Kendall Stewart onstage

Callista Bee presents a system for content-based media search in DNA

Researchers in the Molecular Information Systems Lab (MISL) have taken another step forward in their quest to develop a next-generation data storage system with the introduction of new mechanisms for content-based similarity search of digital data stored in synthetic DNA. The team, which includes researchers from the University of Washington and Microsoft, took home the Best Student Paper Award in recognition of its work from the 24th International Conference on DNA Computing and Molecular Programming (DNA 24) in October.

The winning paper describes an end-to-end DNA-based architecture for content-based similarity search of stored media — in this case, image files. The MISL team’s contribution includes a novel neural-network-based sequence encoder trained on more than 30,000 images from the Caltech256 image dataset, and a laboratory experiment demonstrating the technique on a set of 100 test images.

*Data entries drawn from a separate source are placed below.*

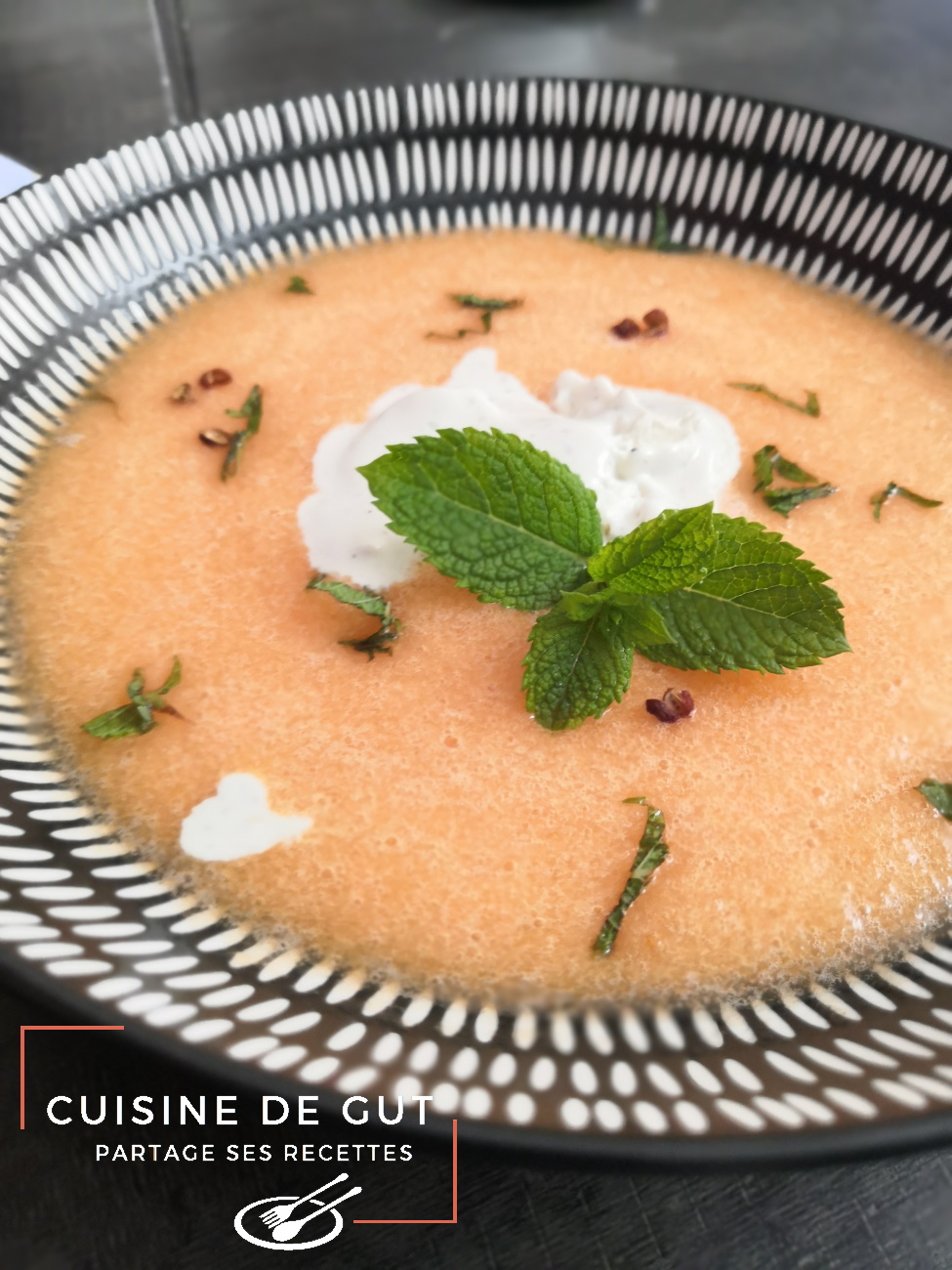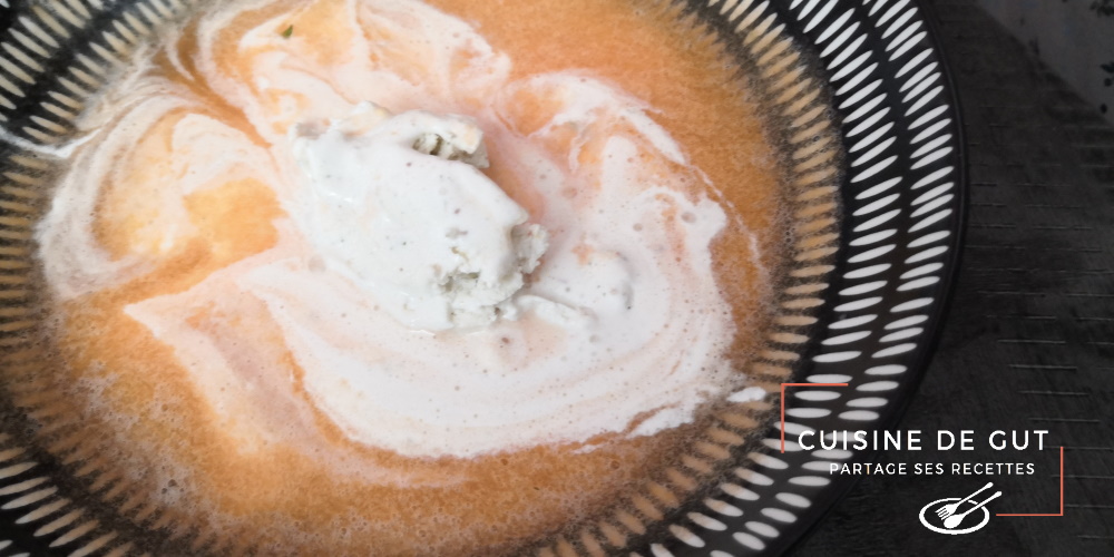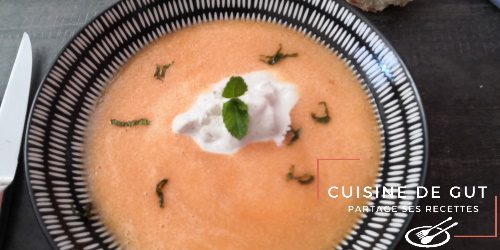 Pas sûr du tout que j’aurais fait ce plat sans le thème du CMUM de ce mois de Juillet ! c’est chouette les défis car ça nous pousse à faire des choses innovantes ! Ce gaspacho est une entrée des plus sympathique ! Même les récalcitrants au fromage aimeraient car le poivre Timut et la menthe ont bien parfumer la crème qui s’est divinement bien mariée au melon anisé ! L’anis a fait ressortir le sucre du melon franchement c’était délicieux. J’ai adoré. Pour une entrée lorsque l’on reçoit c’est parfait, on fait la préparation la veille et il n’y a plus qu’à faire la crème glacée quand tout le monde s’installe à table ! le top ! Je suis heureuse de dédier ce plat à cuisinons de saison pour illustrer le melon !
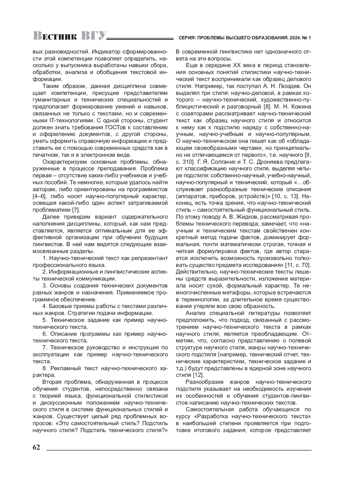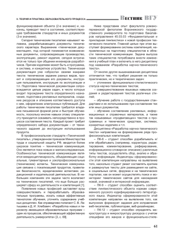 В статье рассматривается проблема подготовки бакалавров лингвистики к новой профессии технического писателя. Описывается опыт Воронежского государственного университета по реализации соответствующей подготовки, направленной на интеграцию знаний и компетенций в области лингвистики и современных компьютерных технологий. В процессе обучения студентов были выявлены трудности, связанные с отсутствием необходимых учебных пособий, а также с неопределенностью места научно-технического стиля в системе функциональных стилей литературного языка. Освоение новой профессии позволяет будущим лингвистам расширить знания о стилистических особенностях научно-технических текстов, а также предоставляет широкие возможности применения современных компьютерных технологий для создания текстов научно-технического стиля.
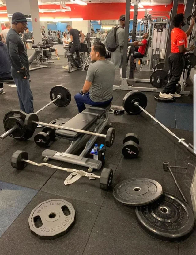 Having to wait for your chance to utilize gym equipment can be quite frustrating, particularly for individuals who lack patience. The individual depicted in the image appears to be one such person who is eager to avoid any delays. He has gathered various pieces of equipment and positioned them close by to ensure uninterrupted access during his workout. While this approach may seem efficient, not all gym members may appreciate it, as indicated by the expression of the individual in the background observing the one seated. Though collecting equipment may appear to expedite one’s workout, it can potentially lead to conflicts with gym management.
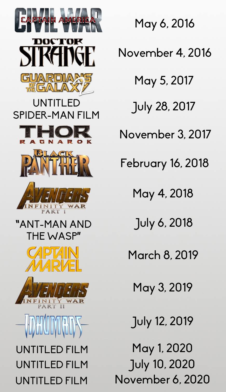 最後にこれから先公開されるマーベルシネマティックユニバースの映画一覧をどうぞ

Instead of encoding and storing the complete image files, the researchers concentrated on building a database for storing and retrieving their associated metadata. Each image’s encoded DNA strand includes a “feature sequence” representing its semantic features, as well as an “ID sequence” pointing to the location of the complete file in another database.

By adapting a technique from the machine learning community called “semantic hashing” to work with DNA sequences, the team designed an encoder to output feature sequences that react more strongly with the feature sequences of similar images. This enables a molecular “fishing hook”: when a molecule representing a query image is added to the database, similar images react with and stick to the query. The resulting query-target pairs can then be extracted using standard laboratory techniques like magnetic bead filtration.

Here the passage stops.